Eleições 2018: o papel das redes sociais nas discussões políticas
Enviada em 03/10/2018
O uso correto e incorreto de uma ferramenta
Segundo o filósofo Aristóteles, o homem é um animal político, ou seja, a participação da humanidade nas discussões políticas é uma característica humana, e as redes sociais ganharam um importante papel. Nesse sentido, dois aspectos são relevantes: os benefícios e os malefícios da internet sob a sociedade.

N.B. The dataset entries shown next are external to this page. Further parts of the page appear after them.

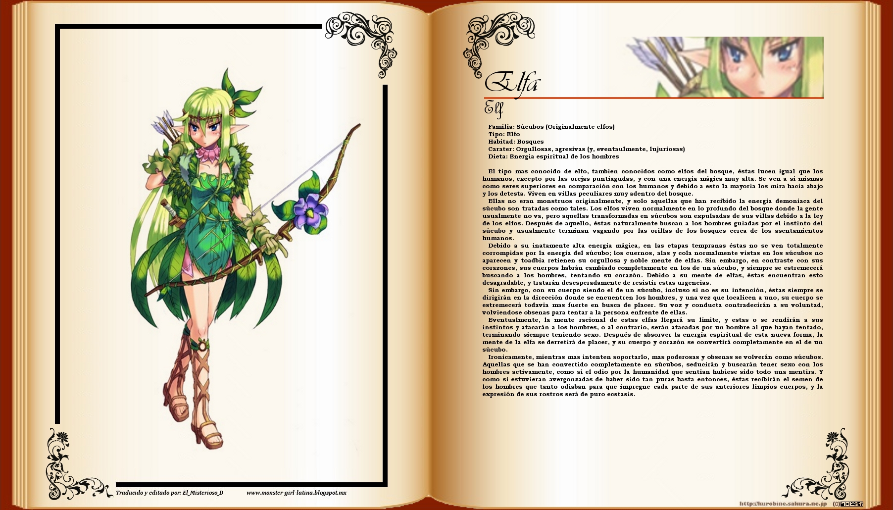 Y bueno, que como dato curioso en el mundo de las CM existen dos tipos de elfos, los "puros" que siguen igual que como hace miles de años y las "contaminadas" que han sido infectadas por la energia demoniaca de los súcubos, por lo que podriamos ponerlos como elfos-elfos y elfos-monstruos por separado, pero bueno que la ficha nos explique un poco mejor :T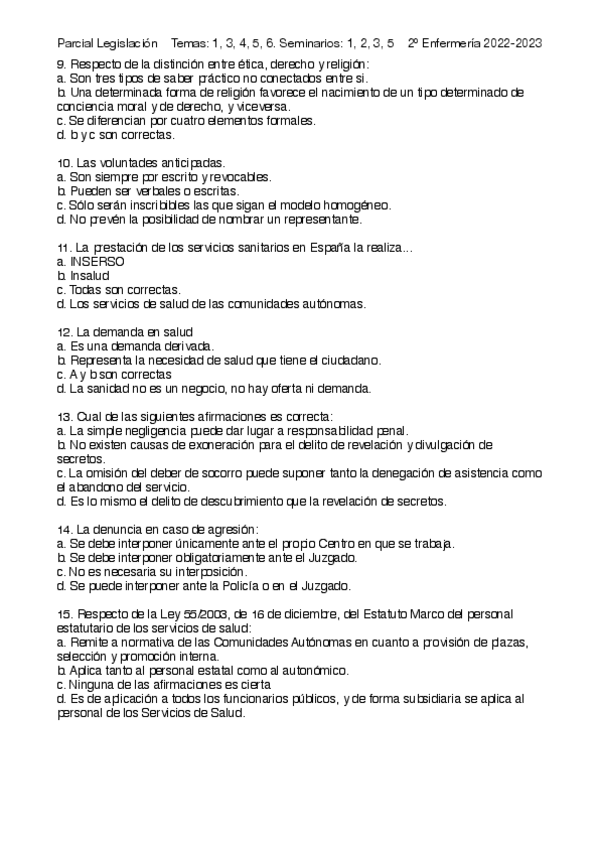 He publicado nuevos examenes de 2º Legislación Sanitaria, Gestión y Administración de Enfermería: PREGUNTAS-PARCIAL-LEGISLACION.pdf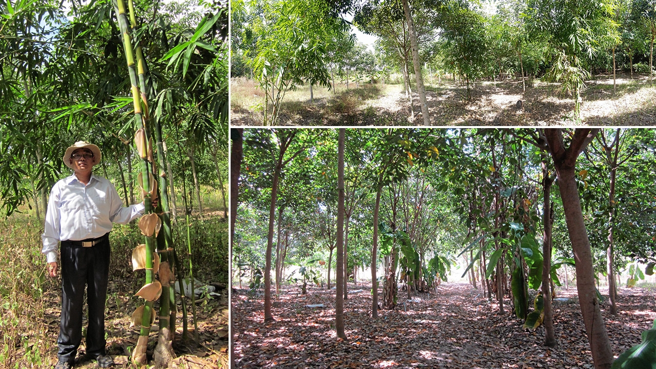 “เกษตรกรส่วนใหญ่มักคิดว่า ไผ่ไม่มีทางอยู่ร่วมกับสวนยางพาราได้ ปี 2555 จึงลงทุนซื้อที่ดิน 21 ไร่ วางแผนสร้างสวนยางพาราแบบไร่นาสวนผสม เป็นสวนยาง 15 ไร่ ทำนา 3 ไร่ และบ่อน้ำอีก 3 ไร่ เริ่มด้วยปลูกพืชตระกูลถั่วเป็นพืชคลุมดิน เพื่อควบคุมวัชพืชและช่วยรักษาความชื้นในฤดูแล้ง ลงกล้ายางใหญ่ และปลูกไผ่กิมซุง หรือไผ่ตงลืมแล้งไปพร้อมกัน ในระหว่างร่องยางอีก 300 กอ ไม่เห็นมีปัญหาอะไร ยางก็เติบโตได้ดีเหมือนปกติ ไผ่ก็เช่นกัน ปีเดียวให้หน่อไว้กินไว้ขายได้ทุกๆเดือน”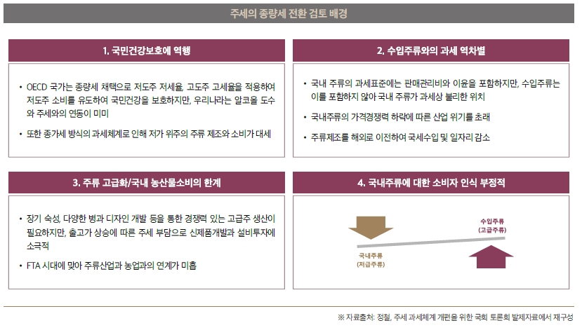 주세 과세체계 개편의 검토 배경과 방향성, 종량세는 어디로 가야 하는가?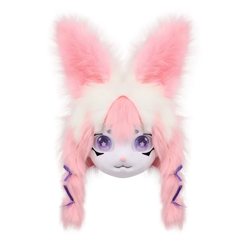 Lolita Anime Girls Plush Animal Head Mask with Ears Fursuit Headgear Furry Cosplay Masquerade Costume Accessories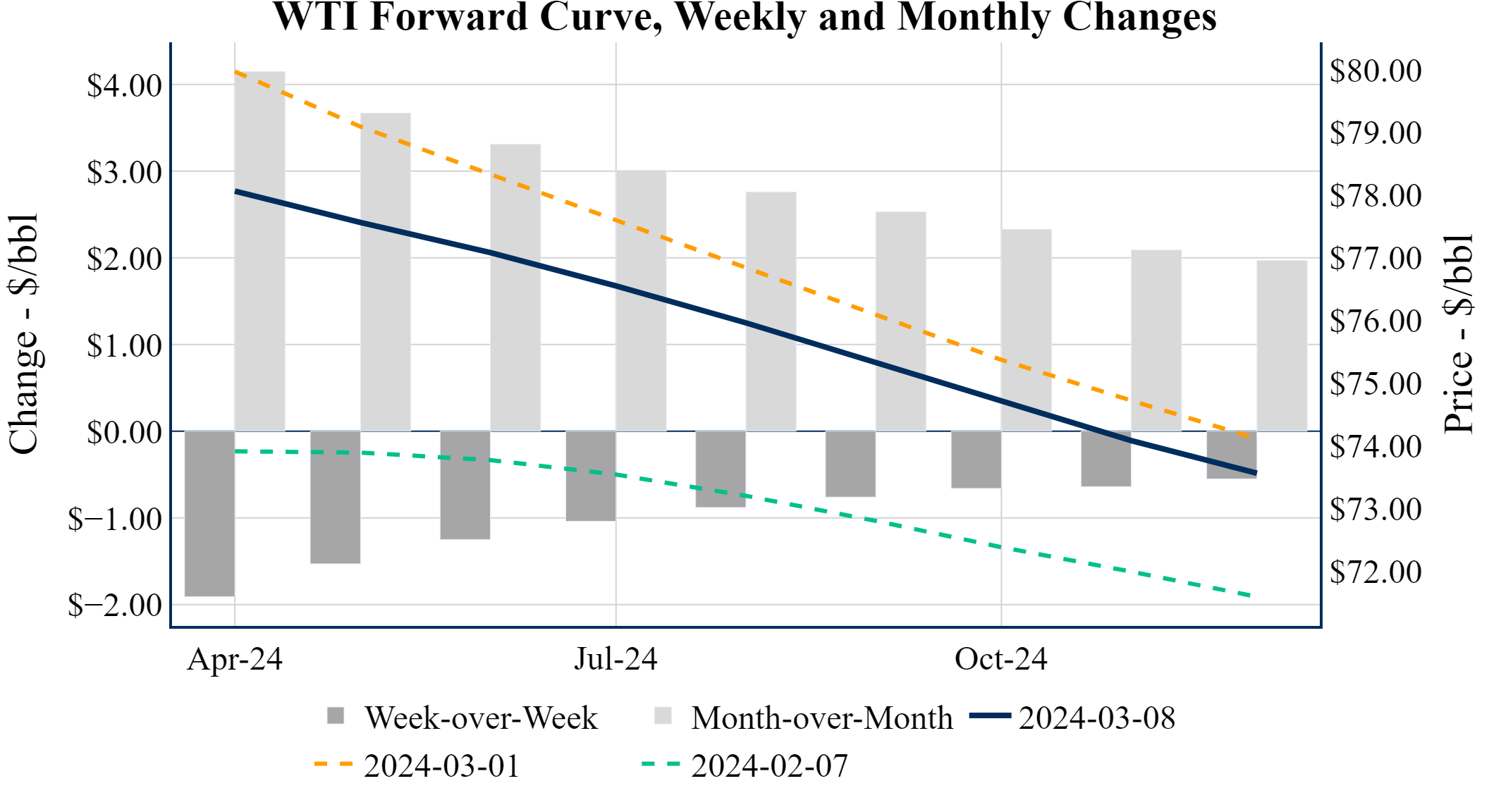 Prompt-Month WTI (Apr 24) was down $-0.92 on the day, to settle at $78.01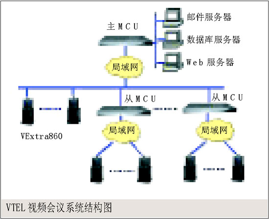 。。網(wǎng)絡(luò)拓?fù)鋱D如右下圖所示,在中心會場配置的VTEL的Meta 5000 MCU,不僅可以直接接入兩路本地主會場的視頻、音頻,還可以接入分會場的獨立會議電視終端。同時,還能接入要級聯(lián)的Meta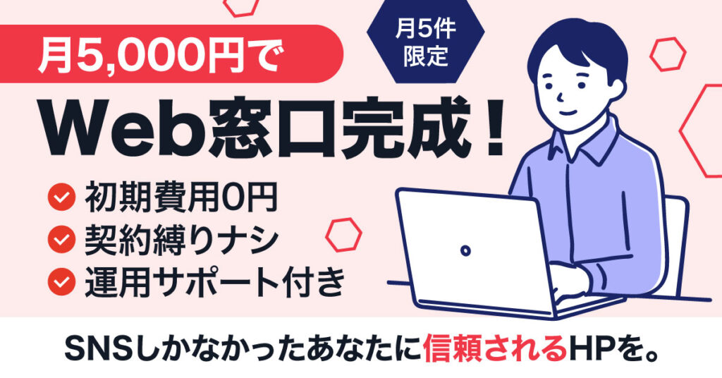 月5,000円でWeb窓口完成!月5件限定。初期費用0円/契約縛りナシ/運用サポート付き。SNSしかなかったあなたに“信頼される”HPを。

Sendo assim, o cenário virtual possibilita a participação de diversas pessoas, com compartilhamento momentâneo de informações. De acordo com uma pesquisa do Instituo Ipsos, 70% dos brasileiros possuem acesso á internet. Sob tal ótica, a consciência política aumenta, já que, o eleitor tem acessibilidade aos projetos dos candidatos e dos seus direitos. Logo, o uso do Facebook, Twitter, Instagram e Whatsapp, garantem uma maior interação social e a prática da democracia.
Porém, essas ferramentas também podem serem usadas para o mal, pois, o grande volume de informações sem uma análise crítica confunde a população. Além disso, o alto número de fake news que distorcem a realidade por meio de notícias falsas, tendem a manipular os cidadãos. Por conseguinte, a internet pode ser usada para o bem, e as vezes para o mal, quando ocorre a massificação por interesses obscuros.

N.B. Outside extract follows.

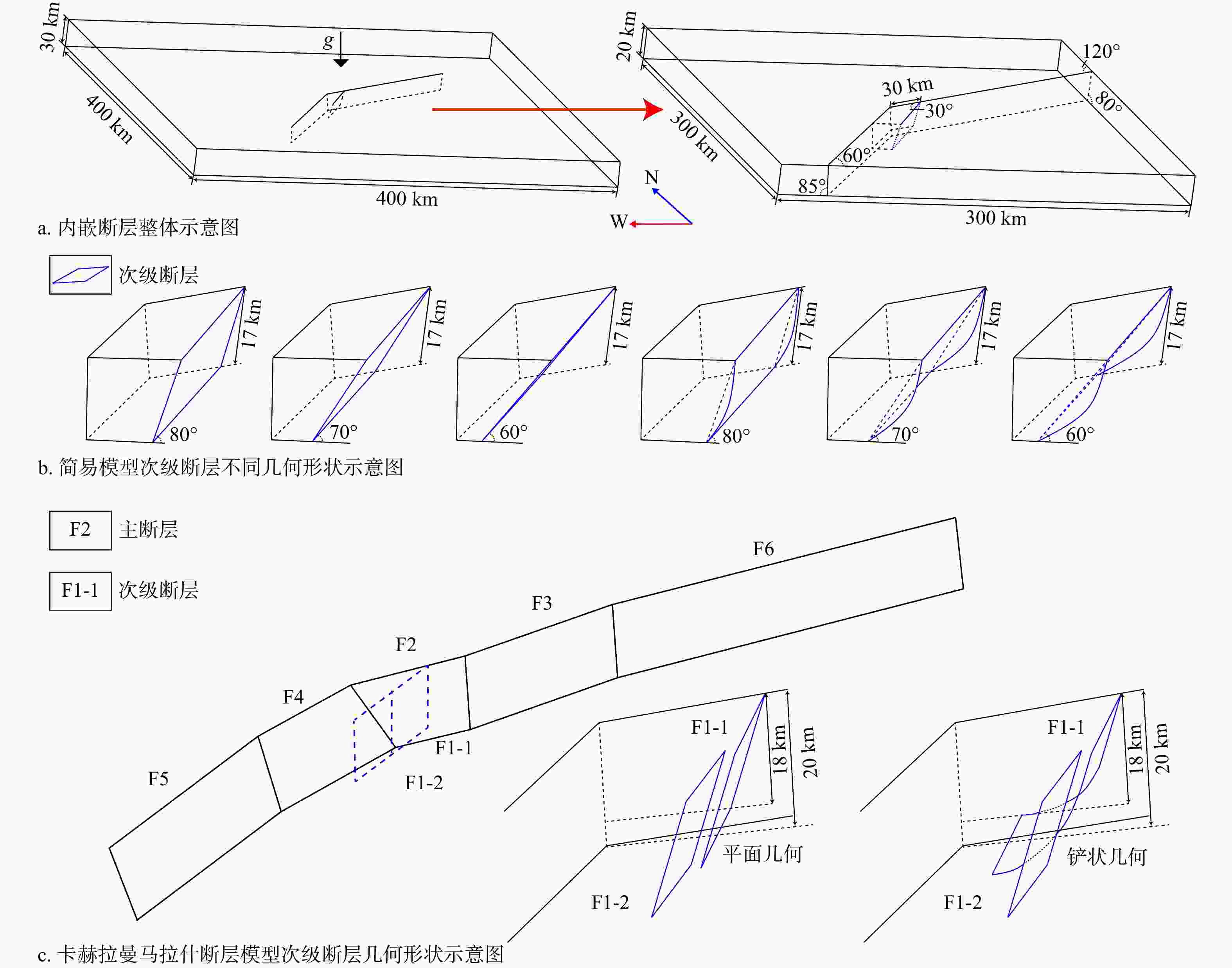 模型参数及单位 取值 重力加速度g/(m·s−2) 9.81 密度ρ/(kg·m−3) 2700 杨氏模量E/Pa 3.40×1010 泊松比r 0.3 时间子步/s 0.005 摩擦系数μ 0.6 $ \alpha $(逆冲型参数) 3 $ \alpha $(走滑型参数) 1.2 $ \alpha $(正断层型参数) 0.75 -

Fica evidente, portanto, a necessidade de medidas para resolver esse impasse. Dessa forma, cabe a mídia no papel da televisão por ser a maior difusora de informações, elaborar propagandas que mostrem as distorções de notícias encontradas nas redes sociais, e também a produção de propagandas eleitorais neutras, para que assim os eleitores recebam as verdadeiras informações. Ademais, o próprio internauta deve analisar criticamente as notícias adquiridas. Quem sabe, assim, a humanidade pode ser conscientizada e o fim das massas deixe de ser uma utopia.